After the war ended, the Keiths chose not to rebuild on the site of their original home. Instead, between 1946 and 1947, they constructed a new house on the ruins of a different hilltop residence, one that had belonged to a man named M.M. Clark before the war destroyed it. The new house became the first permanent timber government dwelling built in post-war Sandakan. They named it Newlands. Agnes lived there for several years, writing her second and third books -- "Three Came Home," about her internment, and "White Man Returns," about the return to Borneo after the war. "Three Came Home" was adapted into a 1950 Hollywood film starring Claudette Colbert. Eventually the Keiths returned to the United States, and the house passed through other hands before falling vacant.
Agnes was not the last person to see the apparition. After the Keiths departed, a woman named Rosemary, wife of G.L. Carson, lived in the house from 1955 to 1967. Sleeping alone one night, Rosemary was awakened by the sound of a door at the far end of the house closing repeatedly in the pre-dawn darkness. Footsteps grew louder, moving toward her room. When she opened her eyes, an unrecognizable female figure stood at the foot of her bed, staring at her. Rosemary fainted. A housemaid who worked in the house from 1967 to 1968 reported seeing a similar figure on the stairs. The consistency of these accounts across decades and different occupants gave the house a reputation that persists to this day. Whether the ghost is connected to the house's wartime destruction, to the earlier Clark residence on which it was built, or to something older remains a matter of local speculation.
By the turn of the twenty-first century, Newlands stood empty. In 2001, the Sabah Museum Department and the Federal Department of Museum and Antiquities began a collaborative restoration. On 26 April 2004, the Agnes Keith House opened to the public as a heritage museum. The restoration preserved the timber frame and colonial character of the building while furnishing it with reproductions of period furniture and antiques. A gallery on the first floor tells the story of Agnes, her books, and her family, placing her personal narrative within the broader history of British North Borneo. The museum sits high enough above Sandakan to catch the breeze and the view -- the same view Agnes wrote about in books that made this distant corner of Borneo real to readers half a world away. Sandakan itself has changed enormously since the 1930s, but the hill remains, and the house on it still draws people who want to understand what life was like when Borneo was the edge of the world.

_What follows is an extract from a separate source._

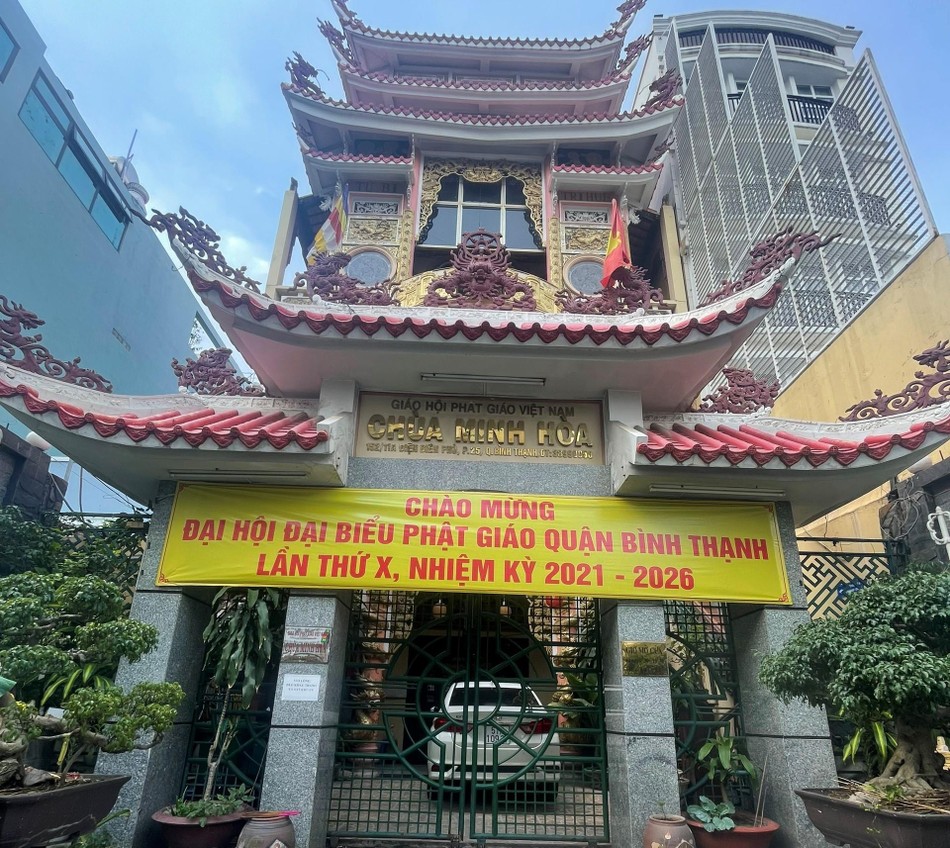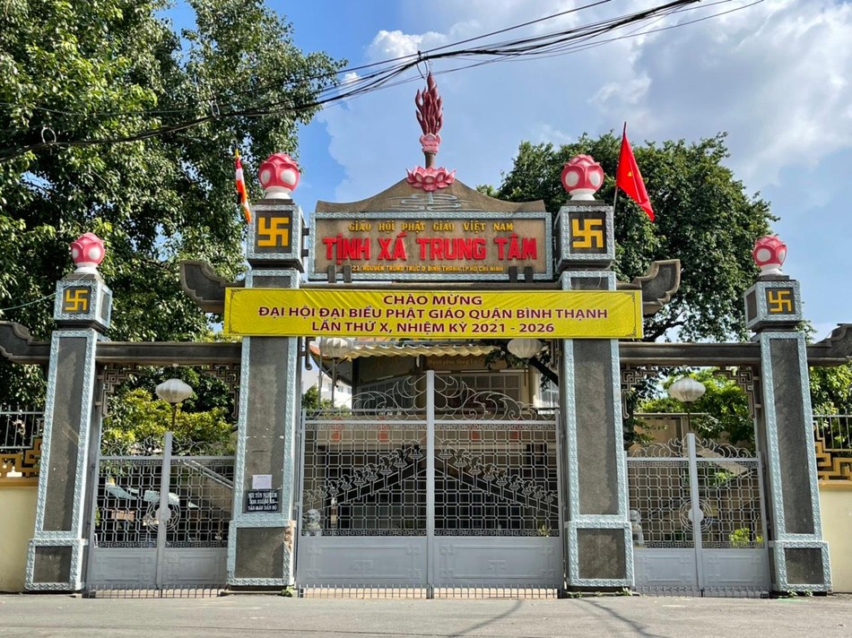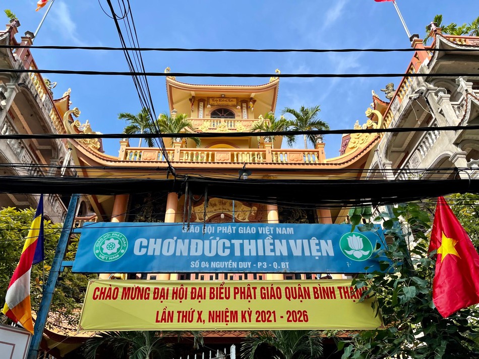 Trước cổng chùa Dược Sư - nơi diễn ra Đại hội đại biểu Phật giáo quận Bình Thạnh nhiệm kỳ 2021-2026 |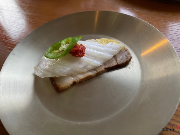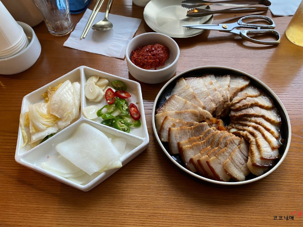 먼저 나온 것은 천년초 수육. 수육이 얇게 썰려 있어 먹기 아주 편했습니다. 남편이 진짜 개코인데... (저 멀리 떨어진 팀이 탕비실에서 먹고 있는 피자 냄새도 맡을 정도) 수육에서 잡내가 나지 않는다고 했습니다.

Located at approximately 5.843°N, 118.116°E on a hilltop in Sandakan, on the northeast coast of Sabah. The house is situated on elevated ground above the town and harbor area. Sandakan Airport (WBKS) is approximately 10 km to the northwest. The Sandakan waterfront and harbor are prominent visual landmarks. The Sulu Sea lies to the northeast. Best viewed in conjunction with the broader Sandakan area, which includes the nearby Sandakan Memorial Park related to the POW camp history.